Exercise requirements
Once "dForce Harmony Tunic" turns up in a line below, reproduce that line and those after it exactly, stopping after the line with "Vintage Brio Sweden"; leave pictures out.

Records for this task
┌──
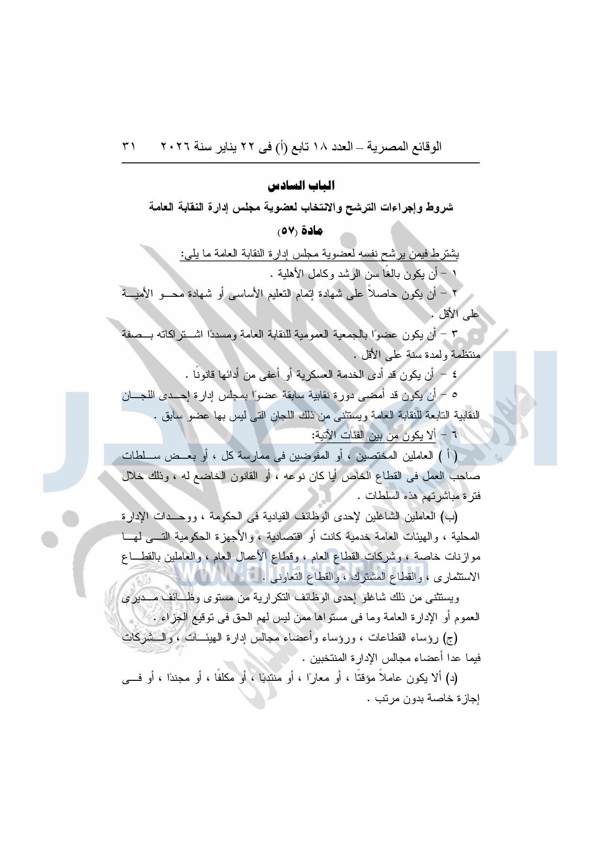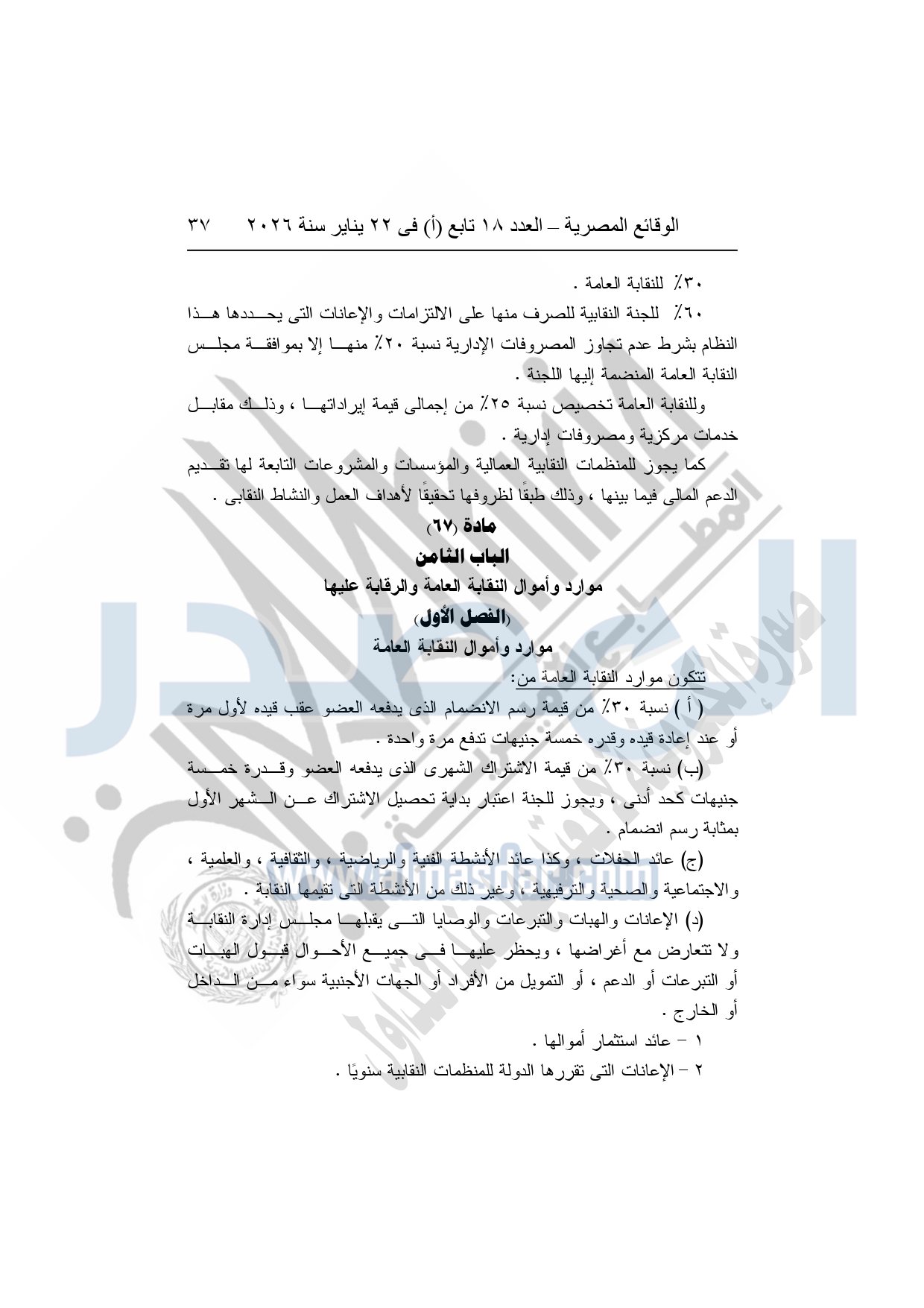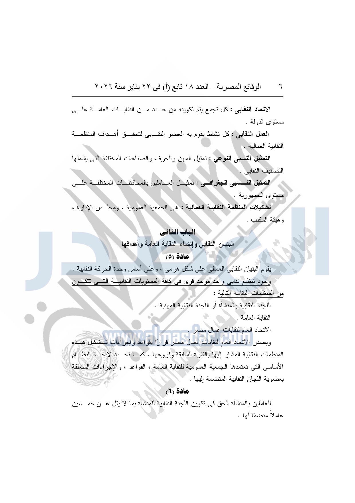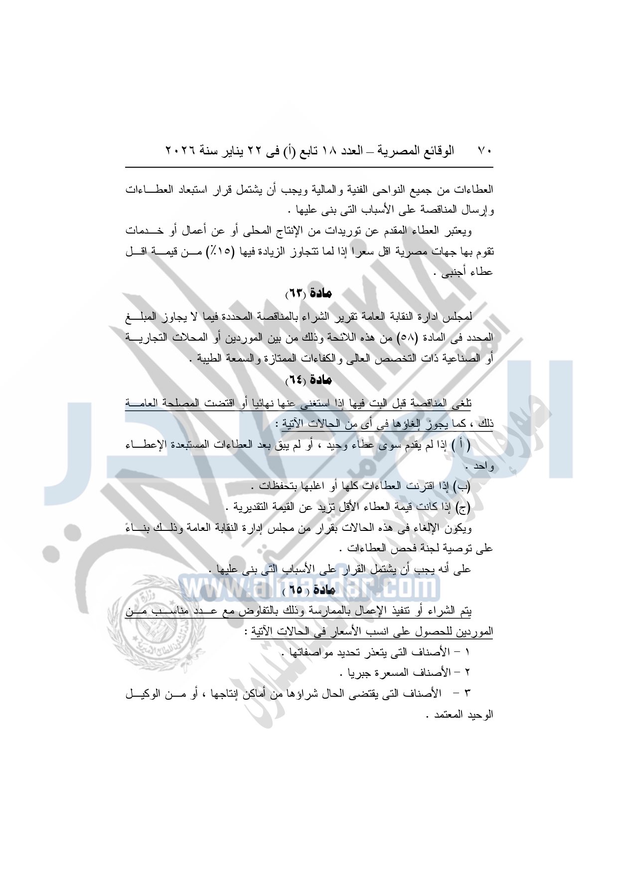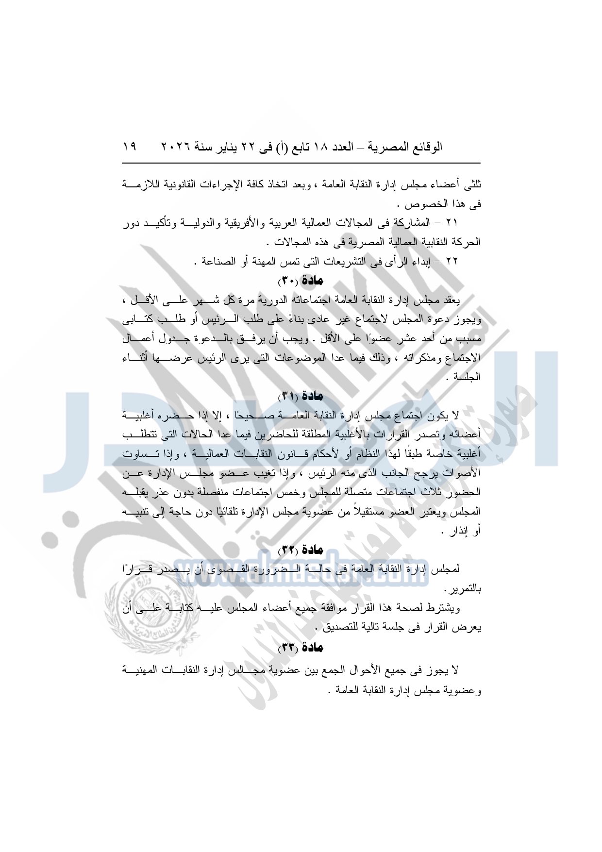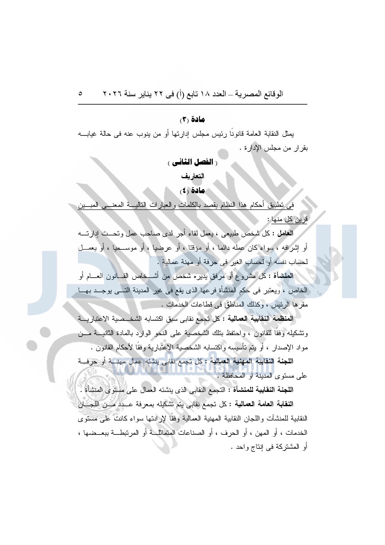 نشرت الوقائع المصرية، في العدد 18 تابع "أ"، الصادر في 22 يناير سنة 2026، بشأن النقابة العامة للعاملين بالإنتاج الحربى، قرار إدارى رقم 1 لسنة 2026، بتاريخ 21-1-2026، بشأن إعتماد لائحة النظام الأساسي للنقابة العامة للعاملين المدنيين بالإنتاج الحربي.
└──
┌──
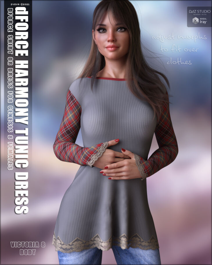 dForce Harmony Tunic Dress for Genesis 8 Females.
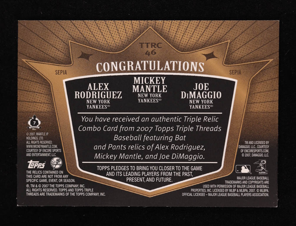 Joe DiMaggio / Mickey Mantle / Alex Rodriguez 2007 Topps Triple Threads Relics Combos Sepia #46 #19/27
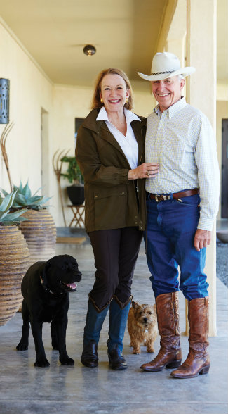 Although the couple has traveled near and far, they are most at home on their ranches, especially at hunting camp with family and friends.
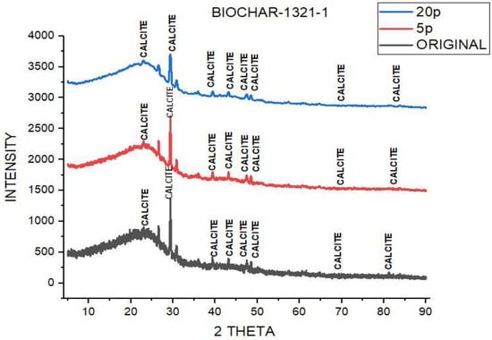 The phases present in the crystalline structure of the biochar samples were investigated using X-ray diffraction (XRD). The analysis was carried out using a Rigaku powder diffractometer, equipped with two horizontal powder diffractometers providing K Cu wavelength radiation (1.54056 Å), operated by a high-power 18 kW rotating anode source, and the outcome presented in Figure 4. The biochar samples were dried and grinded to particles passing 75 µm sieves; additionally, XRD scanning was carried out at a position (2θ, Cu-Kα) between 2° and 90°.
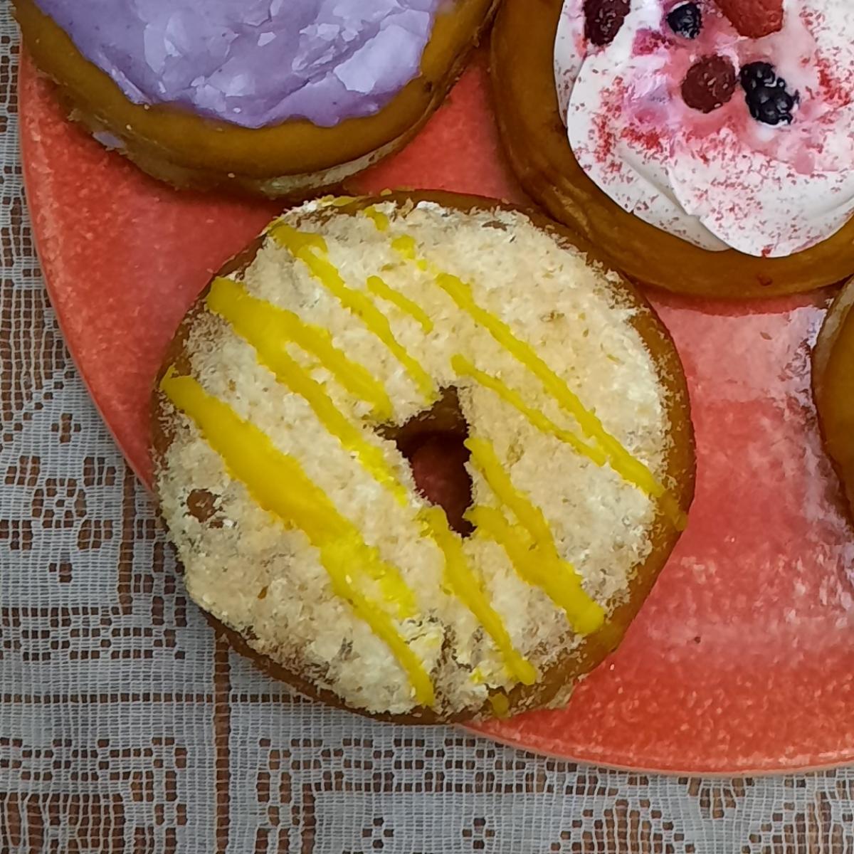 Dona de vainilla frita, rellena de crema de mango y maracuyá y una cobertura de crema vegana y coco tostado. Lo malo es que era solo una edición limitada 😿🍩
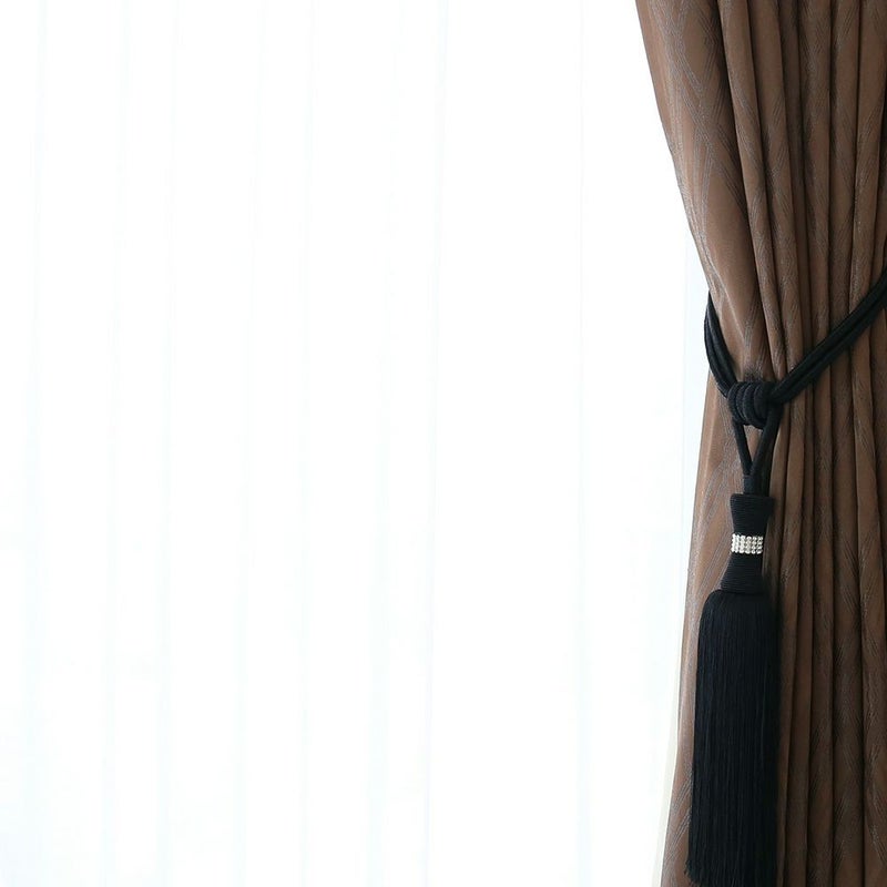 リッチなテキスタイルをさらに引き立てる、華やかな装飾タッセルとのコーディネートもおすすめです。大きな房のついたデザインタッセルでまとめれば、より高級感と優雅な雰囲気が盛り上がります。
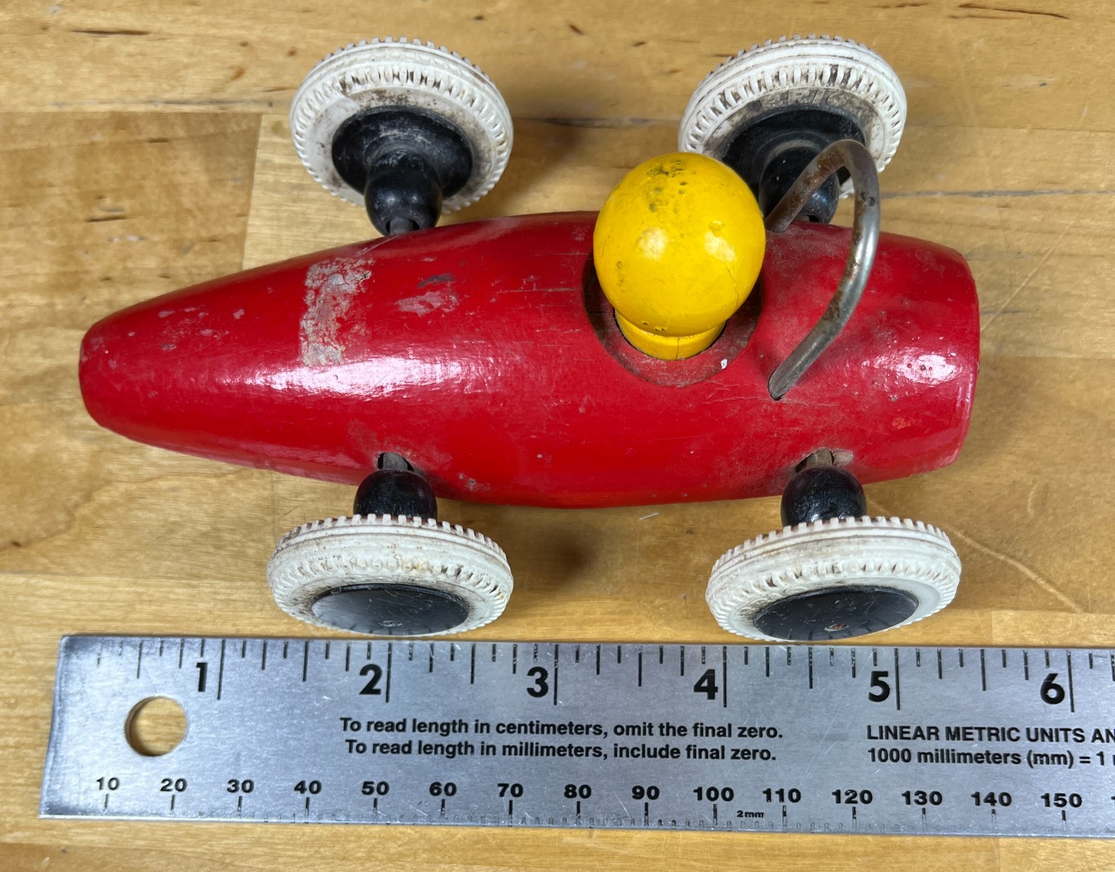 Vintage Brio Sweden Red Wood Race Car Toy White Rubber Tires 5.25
└──
Your response
 dForce Harmony Tunic Dress for Genesis 8 Females.
 Joe DiMaggio / Mickey Mantle / Alex Rodriguez 2007 Topps Triple Threads Relics Combos Sepia #46 #19/27
 Although the couple has traveled near and far, they are most at home on their ranches, especially at hunting camp with family and friends.
 The phases present in the crystalline structure of the biochar samples were investigated using X-ray diffraction (XRD). The analysis was carried out using a Rigaku powder diffractometer, equipped with two horizontal powder diffractometers providing K Cu wavelength radiation (1.54056 Å), operated by a high-power 18 kW rotating anode source, and the outcome presented in Figure 4. The biochar samples were dried and grinded to particles passing 75 µm sieves; additionally, XRD scanning was carried out at a position (2θ, Cu-Kα) between 2° and 90°.
 Dona de vainilla frita, rellena de crema de mango y maracuyá y una cobertura de crema vegana y coco tostado. Lo malo es que era solo una edición limitada 😿🍩
 リッチなテキスタイルをさらに引き立てる、華やかな装飾タッセルとのコーディネートもおすすめです。大きな房のついたデザインタッセルでまとめれば、より高級感と優雅な雰囲気が盛り上がります。
 Vintage Brio Sweden Red Wood Race Car Toy White Rubber Tires 5.25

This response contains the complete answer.